Improving Zero-Shot Generalization for CLIP with Synthesized Prompts
Authors: Zhengbo Wang, Jian Liang, Ran He, Nan Xu, Zilei Wang, Tieniu Tan
Abstract: With the growing interest in pretrained vision-language models like CLIP, recent research has focused on adapting these models to downstream tasks. Despite achieving promising results, most existing methods require labeled data for all classes, which may not hold in real-world applications due to the long tail and Zipf’s law. For example, some classes may lack labeled data entirely, such as emerging concepts. To address this problem, we propose a plug-and-play generative approach called SyntHesIzed Prompts (SHIP) to improve existing fine-tuning methods. Specifically, we follow variational autoencoders to introduce a generator that reconstructs the visual features by inputting the synthesized prompts and the corresponding class names to the textual encoder of CLIP. In this manner, we easily obtain the synthesized features for the remaining label-only classes. Thereafter, we fine-tune CLIP with off-the-shelf methods by combining labeled and synthesized features. Extensive experiments on base-to-new generalization, cross-dataset transfer learning, and generalized zero-shot learning demonstrate the superiority of our approach. The code is available at github. com/mrflogs/SHIP.
What, Why and How
Here is a summary of the key points in this paper:
What:
- The paper proposes a new method called Synthesized Prompts (SHIP) to improve zero-shot generalization for CLIP.
Why:
-
Existing methods for fine-tuning CLIP require labeled data for all classes. This is impractical for real-world applications where some classes lack labeled data (long-tail distribution).
-
Methods like prompt tuning significantly degrade performance on classes without labeled data.
-
The goal is to develop an approach that works for both classes with and without labeled data, while maintaining data efficiency.
How:
-
Uses a VAE as a generator to reconstruct visual features from synthesized prompts and class names fed into CLIP’s text encoder.
-
Generator is trained on limited labeled data from base classes. Can then generate features for new classes using just their names.
-
Combines real features of base classes and synthesized features of new classes. Fine-tunes CLIP on this using existing methods like prompt tuning.
-
Experiments show SHIP boosts performance on new classes without hurting base classes. Improves few-shot generalization, transfer learning, and generalized zero-shot learning.
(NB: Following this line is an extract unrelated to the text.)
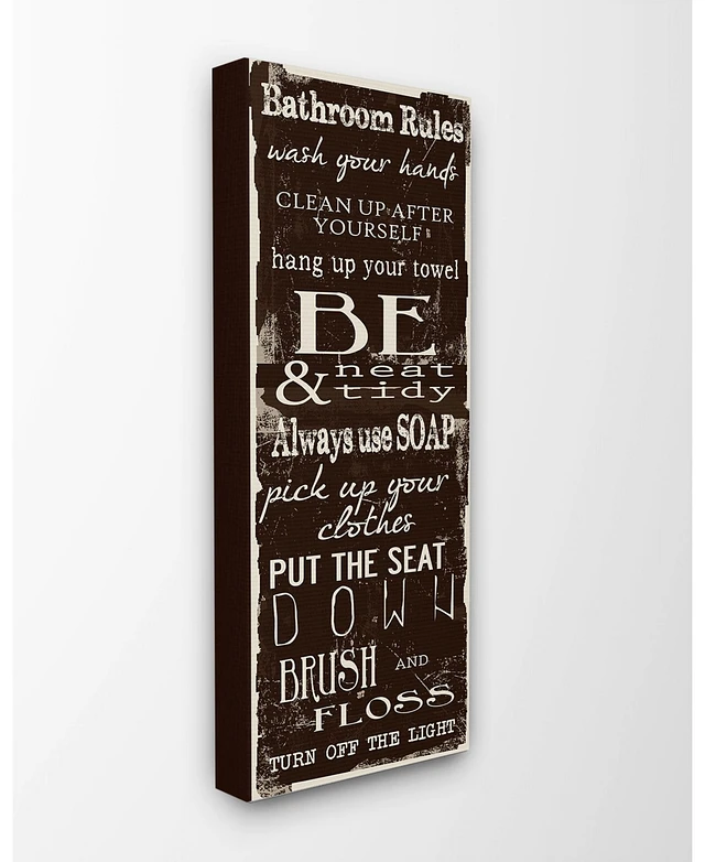 Stupell Industries Bathroom Rules Chocolate White Canvas Wall Art, 10" x 24"
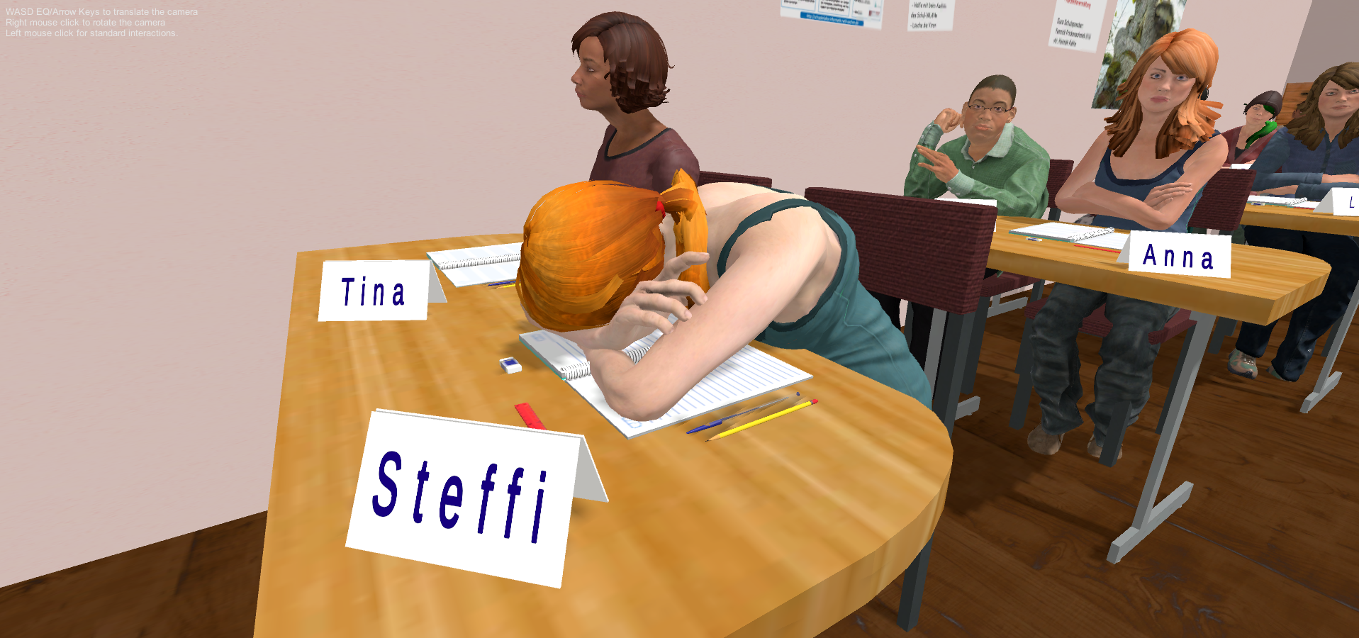Wir an der Universität Potsdam haben ein vollständig immersives VR-Klassenzimmer-System entwickelt, das in der Lage ist, Klassenzimmer sowohl in Bezug auf die Umgebung als auch auf die darin stattfindenden Ereignisse zu simulieren. Dieses System wurde entwickelt, um eine authentische Unterrichtserfahrung zu ermöglichen, die mit der eines realen Klassenzimmers vergleichbar ist. Folglich können sich die Lehrkräfte mit ihrem eigenen Körper frei bewegen, Diashow-Präsentationen halten und mit lebensechten Schüler-Avataren interagieren, indem sie schauen (Eye-Tracking), sprechen (Spracherkennung) und sich bewegen (Bewegungserkennung) (siehe Wiepke et al., 2019 für Beschreibungen des Prototyps).

In summary, SHIP is a generative approach to synthesize features for new classes without labeled data. It augments existing methods to improve CLIP’s generalization, especially under class distribution skew.
Main Contributions
Here are the main contributions of this paper:
-
Proposes a new generative method called SHIP to synthesize features for classes without labeled data by utilizing CLIP’s pretrained text encoder.
-
Integrates synthesized data seamlessly with existing methods like prompt tuning or adapter tuning to improve their generalization.
-
Achieves state-of-the-art performance on base-to-new generalization, cross-dataset transfer, and generalized zero-shot learning benchmarks.
-
Demonstrates improved performance on tail classes without hurting head classes, reducing the skew.
-
Provides a simple and effective approach to handle new/emerging classes with only class names.
-
Analyzes different generative models and prompt formulations to justify the design choices.
-
Shows that learning prompts is better than features for generalization.
-
Provides interpretability of learned prompts to gain insights.
In summary, the key contributions are proposing SHIP for synthesizing data, integrating it with existing methods, and achieving excellent few-shot generalization on multiple benchmarks, especially for tail classes.
Method Section
Here is a summary of the method section from the paper:
-
The goal is to improve fine-tuning of CLIP for both base classes (with labeled data) and new classes (no labeled data).
-
Proposes a generative model called SHIP to synthesize features for new classes.
-
Uses a VAE as the framework instead of GANs since VAEs are easier to train with limited data.
-
Generator takes a latent code z and class name c as input, and reconstructs the corresponding visual feature x.
-
Generator is designed to output synthetic prompts rather than features directly.
-
Prompts consist of global context vectors (initialized randomly) and a local bias vector computed from z via an MLP.
-
Feed prompts + class name into CLIP’s frozen text encoder to obtain reconstructed feature.
-
Only train encoder, MLP, and global prompts - keep CLIP fixed.
-
After training, sample z from prior and generate prompts for new classes using their names. Get features from text encoder.
-
Combine real features of base classes and synthetic features of new classes.
-
Use existing methods like prompt tuning to fine-tune CLIP on this combined dataset.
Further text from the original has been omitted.